‘NCIS: Sydney’: Do Mackey & Gibbs Have History? All the Easter Eggs in Premiere
[Warning: The below contains MAJOR spoilers for the NCIS: Sydney series premiere “Gone Fission.”]
NCIS has officially gone international with Sydney, the latest in the hit franchise, and right from the first episode, there are nods to the original series.
The premiere introduces viewers to NCIS Special Agents Michelle Mackey (Olivia Swann) and DeShawn Jackson (Sean Sager), working alongside AFP’s JD Dempsey (Todd Lasance), Evie Cooper (Tuuli Narkle), Bluebird “Blue” Gleeson (Mavournee Hazel), and Dr. Roy Penrose (William McInnes), as well as the members of the two agencies to each other. And let’s just say that at least one NCIS character is name-dropped in one scene and a certain set of rules strongly hinted at in another.
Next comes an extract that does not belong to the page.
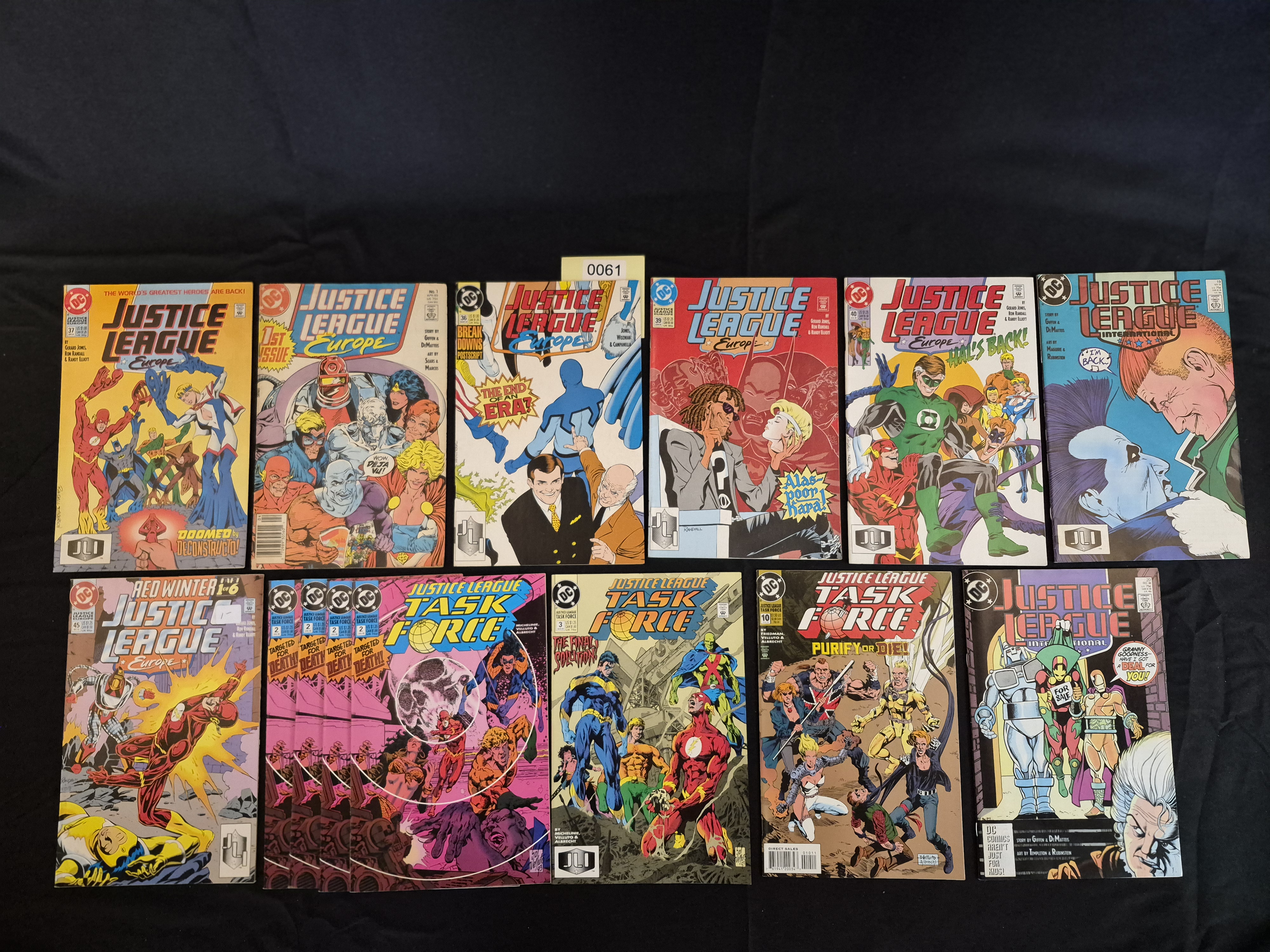BID PER WHAT YOU SEE IN THE PHOTO, NOT THE AI GENERATED TITLES AND DESCRIPTIONS! A collection of 14 DC Comics comic books published primarily in the late 1980s and early 1990s, focusing on the Justice League franchise spin-off titles. The lot includes various issues of Justice League Europe, Justice League Task Force, and Justice League International. Visible issue numbers range from #1 to the mid-40s, including storyline identifiers such as Red Winter 1 of 6 and The Final Solution. The comics are printed on standard paper stock typical of the era.

Below, showrunner Morgan O’Neill breaks down the Easter eggs in the series premiere and what’s next in that not-so-wrapped case.
Penrose asks Mackey if she’s “of the CSI,” which reminded me of the TSA agent in the NCIS series premiere asking if NCIS is anything like CSI.
Morgan O’Neill: Yeah, that’s a direct nod. When it first came to me that people were interested in creating an NCIS: Sydney and they came to me and said, “How would you do it?” I basically cleared my couch and watched hundreds and hundreds and hundreds of episodes, most of ’em watching them again because I was a fan of the show already. I realized that the template for the show was really established so early on in the very original mothership show, that combination of kind of plucky, scrappy outsiders, the smallest of the 17 US acronyms for military intelligence, the least known, the least resourced, and that’s exemplified in the very first scene where they’re confused with CSI.
For me, that sounds like Australia. We are, as a nation, that scrappy, plucky, smallest of the 17 acronyms-type countries, and a little bit like NCIS, we tend to bat out of our league a lot. So it really felt like that essential quality of NCIS as a show felt like the essential quality of Australia as a country. So it really did feel right to pay homage to that and to make sure that the audience understood that we’re, as a nation, scrappy like NCIS is scrappy in a good way.
Mackey says it’s better to ask forgiveness than permission — Gibbs’ (Mark Harmon) rule 18. Should we be thinking that she knows Gibbs?
Interestingly, there’s a backstory that we’re going to be delving into as the show progresses about how Mackey came to be NCIS, and it’s a rough road, let me tell you that, and it involves her former career as a Marine Corps chopper pilot and how that didn’t end up great. As we’ll see, there was a certain former NCIS agent who reached out to her at her lowest moment and dragged her back into the organization. And that agent may or may not be Jethro Gibbs, but certainly strap in and we’ll find out.
There’s the Director Vance (Rocky Carroll) mention and he’s probably the easiest character to name drop multiple times, right?
Right, for sure. The great thing about NCIS is that the show is this universe, isn’t it? And you don’t have to have the characters in the other iterations of the show to know that the show feels like it’s stitched from the same cloth. So it was really important for us to make sure that NCIS: Sydney is part of that universe and Director Vance calls the shots. It makes sense that those shots are being heard from all the way down here.
The theme is a remix of NCIS, right?
Yeah, it is. Good pick. We got a bunch of cutting-edge Australian musicians to remix that tune, give it a slightly more contemporary, slightly more Australian feel. But yeah, it’s definitely a nod to the original theme because if it ain’t broke, don’t fix it.
The case isn’t neatly wrapped up for Mackey and JD with the boat being rigged to explode so those guys couldn’t be interrogated and that woman possibly still out there. Is that a thread that you’ll be following throughout the season?
Yeah, 100 percent. We will be trying to unpack exactly what happened at the end of Episode 1 across multiple episodes in the first season. And it will actually culminate in the climax to the first season. You’ll see it’s a doozy. It’s an absolutely cracking climax to the first season. And it definitely involves unpacking what happened in that first episode, where that blonde woman ended up, who she is, maybe who she’s working for. So we’ve definitely set up the overall thread for the first season, and the end of the first episode leaves a lot of questions unanswered, which we will go on to answer in the first season.
Are there cases throughout the season that we may not realize are connected to it until later on?
Yeah, interestingly, there are.
Will all open-ended cases be part of that one bigger one, or could there be multiple multi-episode cases?
They all basically flow into the same river. And then the climax of Episode 8, which is the final episode of the first season, will really bring all those things into the exact same world and you’ll have to wait and see what happens. But it definitely takes a whole bunch of loose strands and knits them into the same knot.